Looking at the webpages for the Windows iconv is see that there is a listing for {10081, "x-mac-turkish"}, /* Turkish (Mac) */. If you are on Windoze perhaps that may be tried.

================

Earlier investigations below (I think it is useful to know how to pull apart character values.)
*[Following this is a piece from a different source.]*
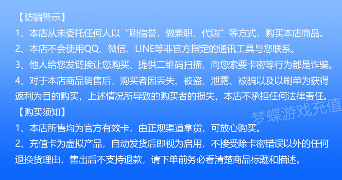 Продавец:梦蝶游戏充值中心
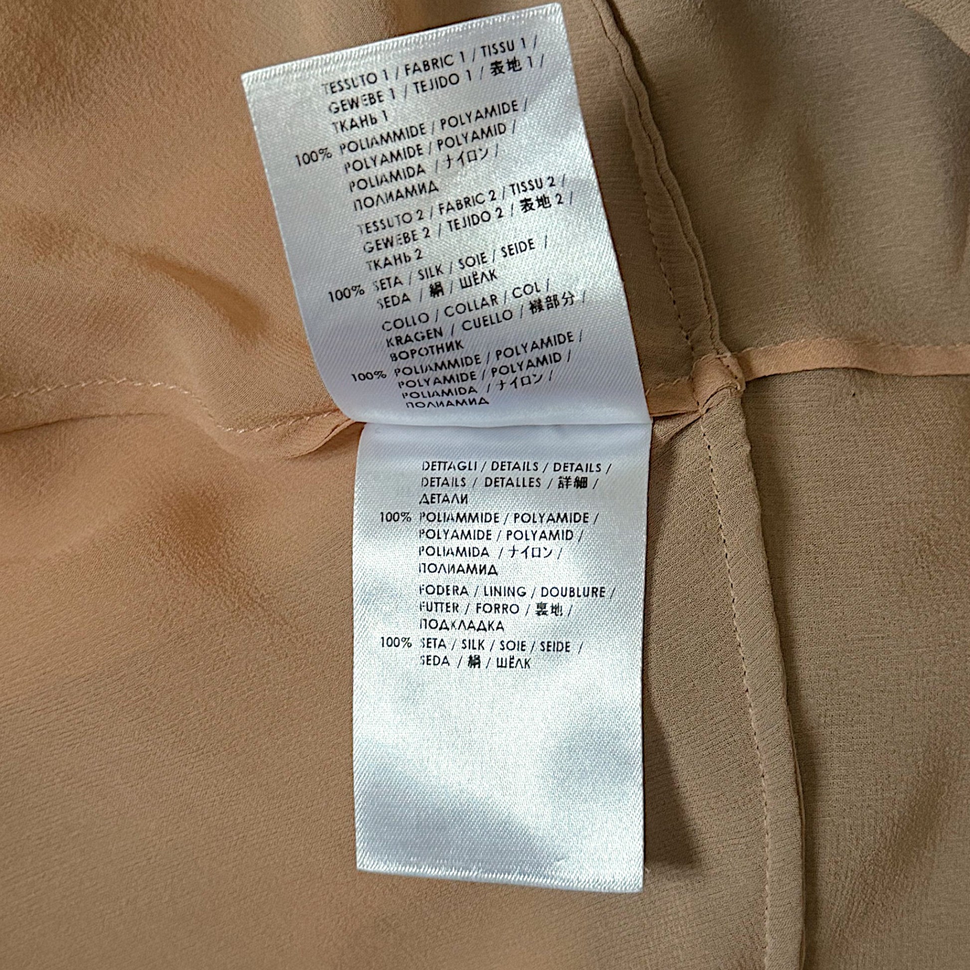 Deep V halter neckline with integrated neck strap, contrasting nude silk lining, and ornate lace appliqué panels placed along the neckline and front center seam.

OK. I can actually put together an MWE with just your stuff above:

str1<-"Diş Hekimliği Fakültesi"
str3 <- scan(what="")
#1: "D" "i" "s" "̧"   " " "H" "e" "k" "i" "m" "l" "i" "g" "̆"   "i" " " "F" "a" "k" "u" "̈"   "l" "t" "e" "s" "i"
#27: 
#Read 26 items
> str3c <- paste0(str3, collapse="")
> nchar(str3c)
[1] 26
> str1
[1] "Diş Hekimliği Fakültesi"

Now to do some character hacking:

> ?charToRaw
> charToRaw(str3c)
 [1] 44 69 73 cc a7 20 48 65 6b 69 6d 6c 69 67 cc 86 69 20 46 61 6b 75 cc 88 6c 74 65
[28] 73 69
> charToRaw(str1)
 [1] 44 69 c5 9f 20 48 65 6b 69 6d 6c 69 c4 9f 69 20 46 61 6b c3 bc 6c 74 65 73 69

So look at the three Raw items that are representing your third letter. It appears that the second representation used a base character which backspaces it with a hex "cc" and then prints the descender. Now see if we can recognize them with regex:

 rawToChar( charToRaw(str3c) [3])
#[1] "s"
 rawToChar( charToRaw(str3c) [4])
#[1] "\xcc"
 rawToChar( charToRaw(str3c) [5])
#[1] "\xa7"
 grep("s\\xcc\\xa7", str3c)
#[1] 1   # Success!

And here's a gsub that I think is probably more efficient than what you ended up with if you were working with the split-versions of those words:

gsub("s\\xcc\\xa7", "\\c5\\9f", str3c)
#[1] "Diş Hekimliği Fakültesi"

Also note that there were actually 29 raw entries in the one R was telling you there were 26 "characters" (and 26 in the one that supposedly had 23). I think the three cc (backspaces) were not actually being counted.